Start of Records provided

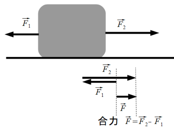 一方、同一作用線上にあっても、力の向きが逆方向にはたらいている場合は、どちらかの向きを正として考えてあげればよく、右の図のような場合、右向きを正とすれば\(-\overrightarrow{F_1},\overrightarrow{F_2}\)となるので両者の和が合力となるわけです。
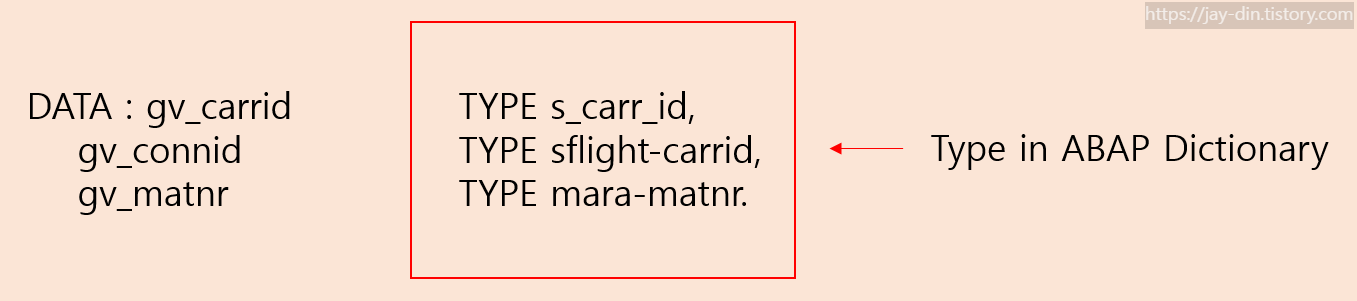 - ABAP Dictionary Data Type์ ABAP ํ๋ก๊ทธ๋จ ๋ด์์ TYPE ๊ตฌ๋ฌธ์ ์ด์ฉํ ์ ์๋ค.
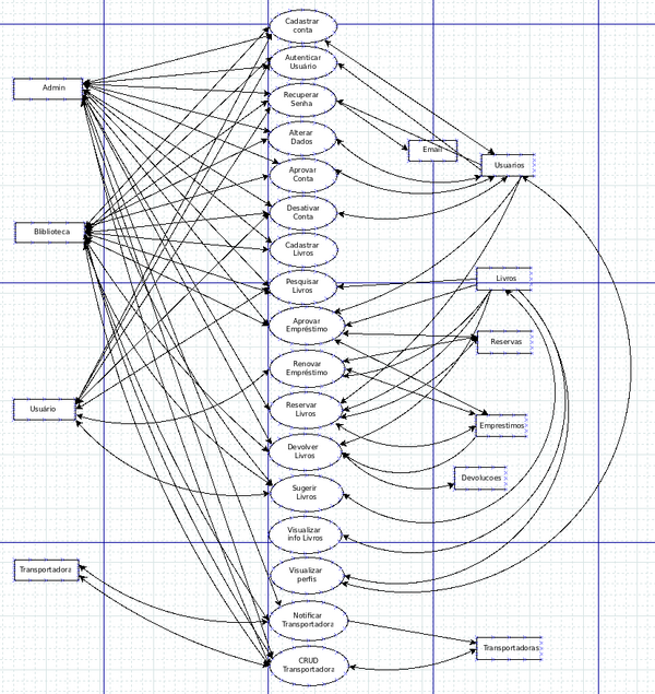 - Se concluirmos que Biblioteca (Proprietário) tem as mesmas funções do Administrador podemos retirar a Entidade Externa Admin e simplificar o DFD:
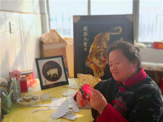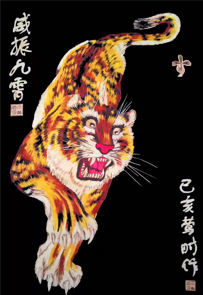 “虎在中國是極其有力量的動物。”1月25日,秸稈畫技藝代表性傳承人、中國民間文藝家協(xié)會國家級會員王春梅告訴記者,她耗時近半年創(chuàng)作的秸稈畫《威震九霄》已完成。記者看到,作品中的老虎長半米有余,威風(fēng)凜凜、活靈活現(xiàn),用平面的方式展現(xiàn)了立體的效果?!?022年是虎年。在古代,老虎就以威風(fēng)凜凜的形象被視為勇氣的象征,來表現(xiàn)軍人的勇敢和堅強(qiáng)。古時候關(guān)于將士大臣的美譽(yù)就有虎將、虎臣、虎士等?!蓖醮好氛f。
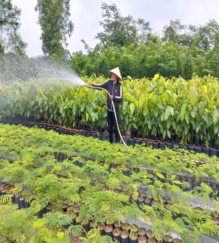 <div style="text-align: justify;"><span style="font-size:18px;"><span style="font-family:Times New Roman,Times,serif;"><span style="line-height:18.0pt">Đến nay, mô hình vườn ươm của bà đã phát triển với quy mô lên đến 1.4ha, cung cấp đa dạng các loại cây giống như cây giáng hương, xà cừ, phượng, dầu, tràm, cây lâm nghiệp và cây cảnh. Nhờ chú trọng chất lượng, áp dụng kỹ thuật chăm sóc tiên tiến, các sản phẩm cây giống của bà luôn đạt tỷ lệ sống cao, được thị trường tin tưởng. Mỗi năm, vườn ươm mang lại thu nhập gần 500 triệu đồng, góp phần nâng cao đời sống gia đình một cách bền vững.</span></span></span>
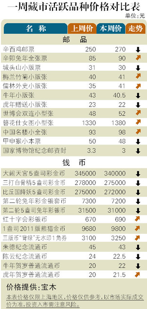 4月初的藏市表现稳健,热点维持3月下旬状态,其中新邮依然振荡,上下反复频繁,而市场上“产品票”已变得炙手可热,人物题材票十分抢手。邮市:热点新邮振幅收窄,成交也有所萎缩,但过去一周绝大多数品种的底部呈抬高趋势。JT小型张继续走强,其中“三国(1)”、“水浒(1)”和“敦煌(1)”小型张联袂攀升至175元,“梅花”小型张走高到290元。币市:国际金银价格振荡频繁,但对市场影响有限,大多数品种表现稳定,涨跌幅度较小。纪念钞在3中旬快速飙升之后,4月初有所回调,其中“北京奥运会”纪念钞下滑到4700元附近,“双龙钞”跌至16000元。
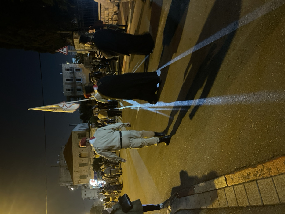 This nighttime image captures a street scene in an urban area of Haifa, Israel, characterized by older stone buildings. The scene is lit by artificial lights, casting distinct shadows on the asphalt road. In the mid-ground, a procession or gathering is in progress. A male figure, viewed from behind, occupies a central position, dressed in a light-tan uniform-like outfit, black boots, and a red fez-style hat with a white scarf around his neck. To his right, two additional figures, also seen from behind, wear long, dark robes and dark, traditional headwear. One of these figures carries a tall pole supporting a light-colored flag featuring a complex, star-like emblem. Numerous other individuals are visible further down the street, indicating a larger crowd or extended procession. In the background, multi-story buildings constructed of light-colored stone line the street. On the far right, a triangular road sign depicting two inverted arrows is present. On the far left, a person is partially visible, walking on or adjacent to the paved sidewalk, carrying a dark bag.
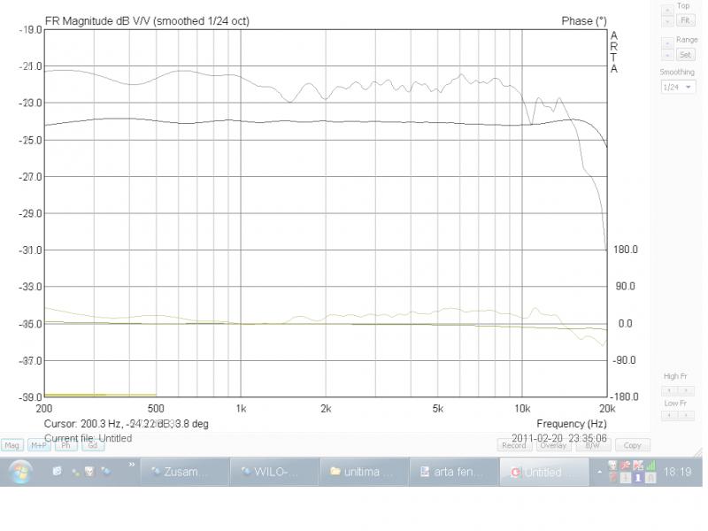 In dem Diagramm mit dem Frequenzgang ist unten blas noch die Phase zu sehen, beide korrekt gefenstert, einmal Loop und gemessener Lautsprecher.
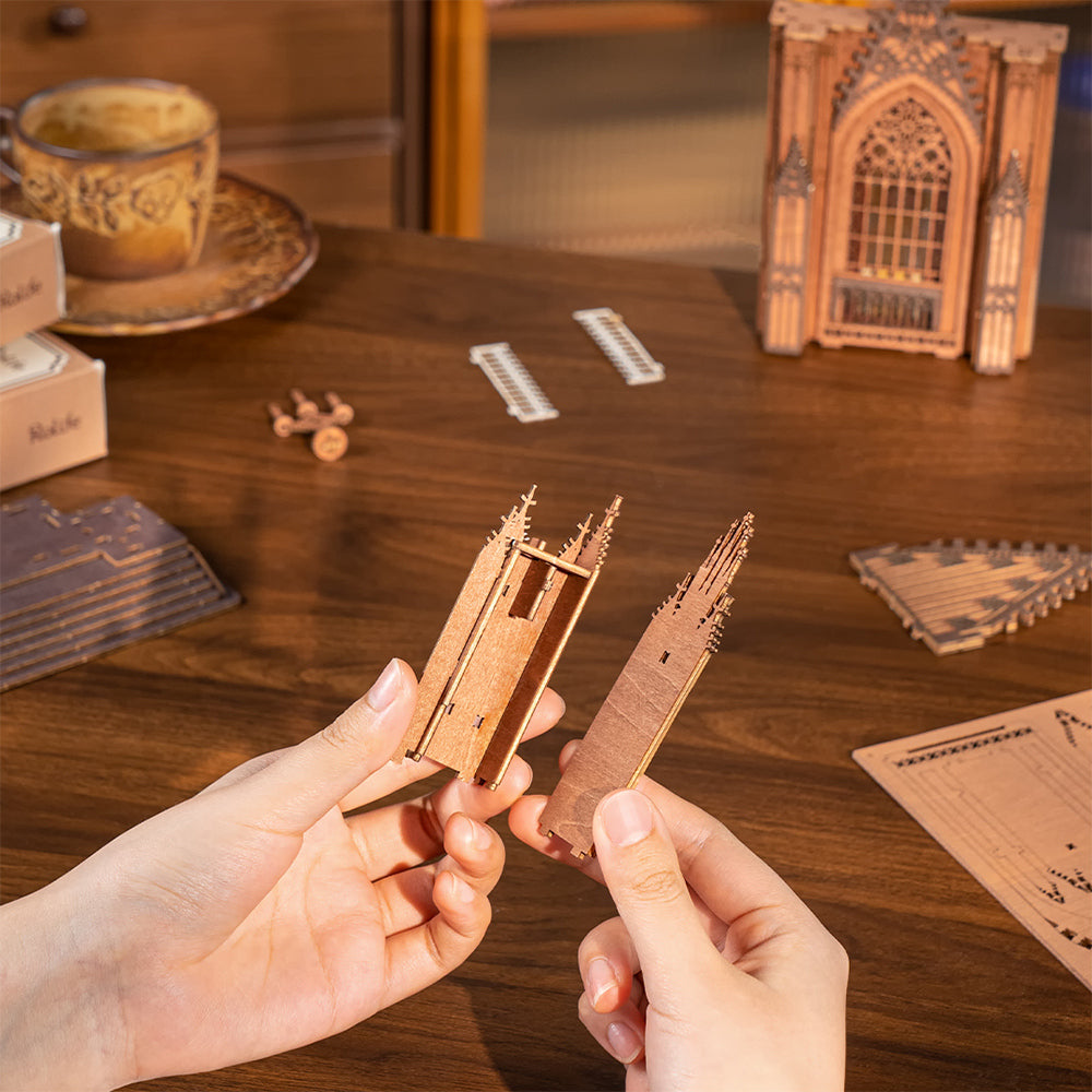 Die Twin-Tower Cathedral besteht aus 111 Teilen und hat einen Schwierigkeitsgrad von 3 Sternen – genau anspruchsvoll genug, um sich konzentriert zu beschäftigen, ohne dass es zu kompliziert wird. Mit Maßen von 135 Millimetern Breite, 95 Millimetern Tiefe und 259 Millimetern Höhe ist dieser Holzbausatz kompakt und dennoch beeindruckend detailreich. Alles wird einfach zusammengesteckt, ganz ohne Klebstoff und ohne Farbe, da die Teile bereits farbig gestaltet sind. Das bedeutet sorgenfreies Bauen und sofortiges Genießen des Ergebnisses. Die LED-Beleuchtung funktioniert über USB-C, angenehm umweltfreundlich und ganz ohne Batterien.

End of Records provided

▸ **Work required**: Transcribe exactly, please, the lines between the start of the records above and the line holding "- ABAP Dictionary", counting both of those lines and omitting pictures.

▸ **Solution for this problem**:
 一方、同一作用線上にあっても、力の向きが逆方向にはたらいている場合は、どちらかの向きを正として考えてあげればよく、右の図のような場合、右向きを正とすれば\(-\overrightarrow{F_1},\overrightarrow{F_2}\)となるので両者の和が合力となるわけです。
 - ABAP Dictionary Data Type์ ABAP ํ๋ก๊ทธ๋จ ๋ด์์ TYPE ๊ตฌ๋ฌธ์ ์ด์ฉํ ์ ์๋ค.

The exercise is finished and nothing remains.